Nanofibrous carriers of bacterial biomass for water and air purification

During 2014, we developed a unique technology for preparing nanofiber yarns. Through this technology, the required layer of nanofibers is continuously applied to the carrier fiber using AC spinning, thereby creating a solid fiber coated with an extremely complex nanostructure. These AC nanostructures very faithfully imitate the so-called extracellular matrix of cells and thus represent an ideal supporting environment for the growth and proliferation of various types of microorganisms. Communities of microorganisms, consisting mainly of bacterial and fungal biomass, are able to degrade contaminants in the aquatic environment, starting with nitrogenous substances and ending with pesticides and drug and hormone residues. This led us to the idea of ​​using these nanoyarns as carriers of microbial biomass for water purification. We have created various 3D versions of nanofibrous carriers, from small units in the order of centimeters, which can be used in the required amount according to the volume of purified water (tens to hundreds of units) to large carrier structures measuring many square meters, which can be used both in stationary treatment plants and in modular mobile purification systems for local applications at contaminated sites. For these carriers, we are able to very accurately identify the appropriate composition of the microbial community and specifically plant it with a culture of the desired microorganisms according to the specifics of the contamination, which will significantly support the formation and stabilization of the necessary microbial community. Tests at a number of sites have shown that these biomass carriers are capable of not only effectively removing nitrogenous substances, but also effectively reducing the concentrations of micropollutants, drug residues, hormonal substances and pesticides, which conventional water purification methods do not allow. We have adapted and successfully tested a similar concept for removing unwanted volatile substances from the air, which are generated, for example, in wastewater treatment plants, biogas stations, etc., where they create an annoying and sometimes dangerous odor.

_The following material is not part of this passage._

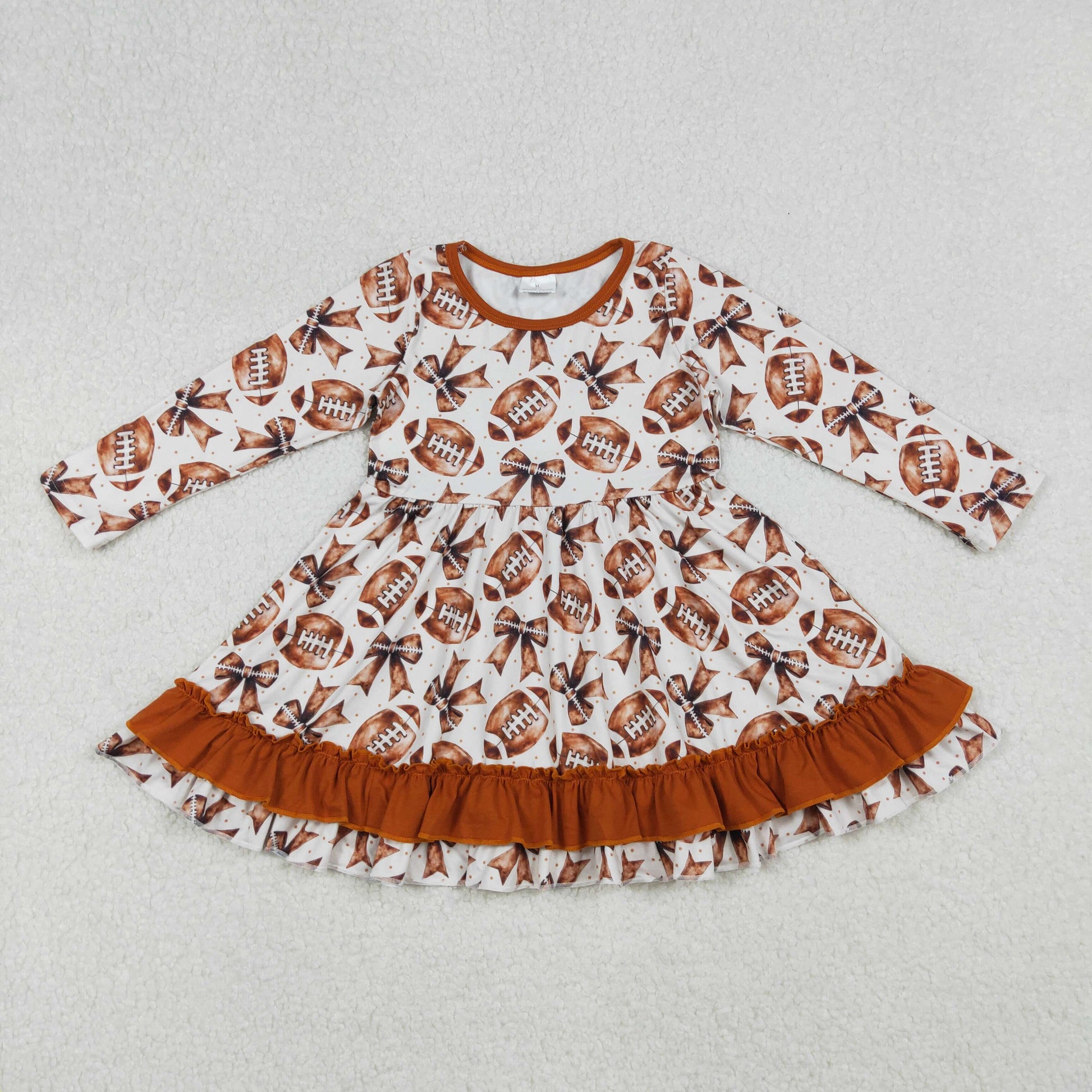 baseball bow long sleeve Girls dress GLD1268

Implantable nanofibrous carriers and wound covers

Nanostructures created using electrostatic spinning very closely imitate the so-called extracellular matrix of cells, which makes them an ideal supporting environment for cell growth and proliferation. This led us to the idea of ​​using our nanostructures as cell carriers in regenerative medicine and tissue engineering. We can prepare nanostructures from biocompatible and biodegradable polymers and, in addition, we can further functionalize them using biologically active substances. So, we created nanofibrous carriers from biopolymers, which we functionalized in several ways – with stem cells, stem cell extracts, growth factors and other biologically active substances. We experimentally implanted these carriers into several types of tissue defects – damaged cartilage, bone defects, and we are planning to also damage tendons. The nanofibrous structure at the site of implantation supports the growth of new tissue, and in addition, the gradual natural degradation of the biopolymer leads to the gradual release of the biologically active substance, which thus always reaches an optimal concentration at the site of the defect for maximum support of the regenerative effect. 

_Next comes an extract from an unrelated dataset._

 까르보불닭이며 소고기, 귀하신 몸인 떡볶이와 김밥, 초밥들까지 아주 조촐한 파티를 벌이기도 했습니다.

We have achieved similar results in the case of nanofibrous wound dressings, where the target therapeutic indication is difficult-to-heal skin damage, leg ulcers, burns, etc. Here, the functionalized planar nanostructure not only functions as a barrier, protecting the wound from pathogens while ensuring breathability, but in addition, the biodegradation of the polymer gradually releases the active substance into the site of damage, which further accelerates the regeneration process. 

The application of nanofibrous functionalized cell carriers and wound dressings in experimental and, to a limited extent, human models has demonstrated high effectiveness in supporting the regenerative healing process of damaged tissue as well as a significant reduction in undesirable complications.